Marcel Winatschek

Everything Lana Del Rey Wants to Be

For months, every time someone mentioned Lorde I pictured a Finnish band—monster masks, platform boots, Hard Rock Hallelujah, Eurovision 2006—and thought: why is everyone suddenly back on this? Then I worked out the spelling difference, listened to Royals, and felt the specific embarrassment of someone who has been wrong for too long about something too good.

She was sixteen when this was recorded. Sixteen, and she already sounds like someone who has thought hard about what pop music is doing wrong and decided to do the opposite. No excessive production, no borrowed swagger, no chasing whatever the radio wants this season. Just that voice—low, almost bored, completely in control—sitting on top of a beat that barely exists. Royals works precisely because of what it leaves out.

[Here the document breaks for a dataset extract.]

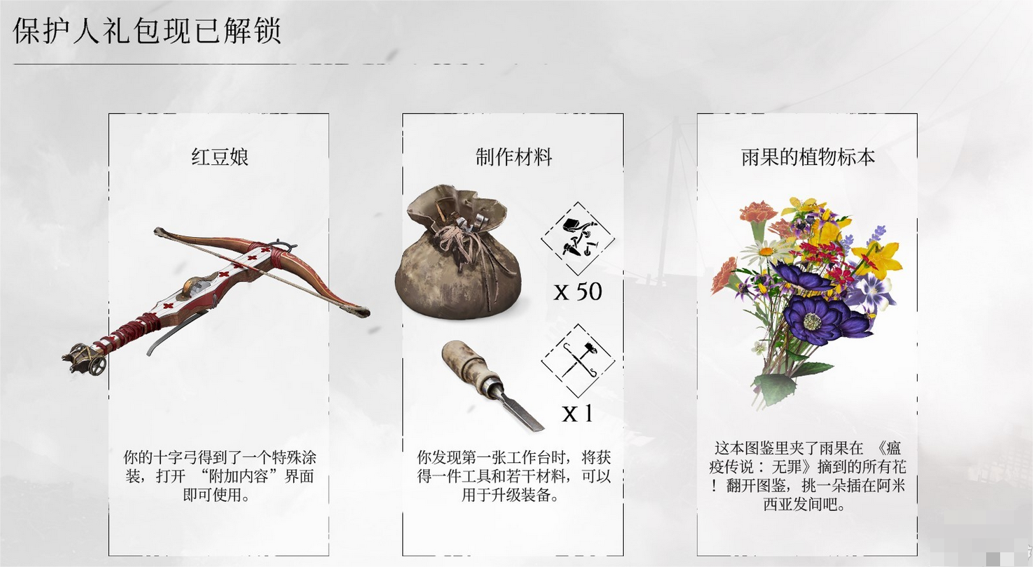 现在预购礼包已经改名成为“保护人包”DLC了,可以单独购买。其中包括:特殊的弩皮肤“红豆娘”、额外的制作材料、阿米西亚专属外观(即雨果的植物标本)。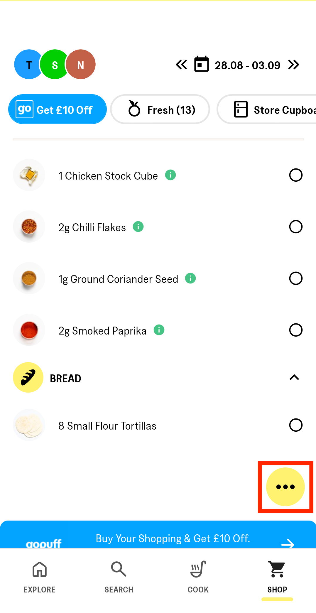3. Click on the 3 dots present at the bottom right corner of the screen just above the Shop icon

The Lana Del Rey comparison is easy to make and not entirely wrong. There’s the same stillness, the same aesthetic distance from ordinary pop urgency. But where Lana performs nostalgia and tragedy like she’s been cast in her own film, Lorde sounds like she’s just telling you what she notices. That’s the whole difference. One is artifice all the way down; the other feels like a genuinely unusual person thinking out loud. Her debut album Pure Heroine confirmed it—a sixteen-year-old from New Zealand named Ella Yelich-O’Connor had made one of the clearest-eyed pop records of the year.

Billboard put her on their cover and called her the new queen of alternative. The mainstream was already reaching for her, which always makes me slightly nervous—the moment the machinery decides it loves something, it starts loving it to death. But Lorde seems like someone who’ll be fine. She arrived with a finished aesthetic and a clear sense of what she was doing, and that’s hard to dissolve.

She played Berlin in September. The world will love her before most of it has properly listened. She’s earned that, and more. Including the months I wasn’t paying attention. This is me paying them back.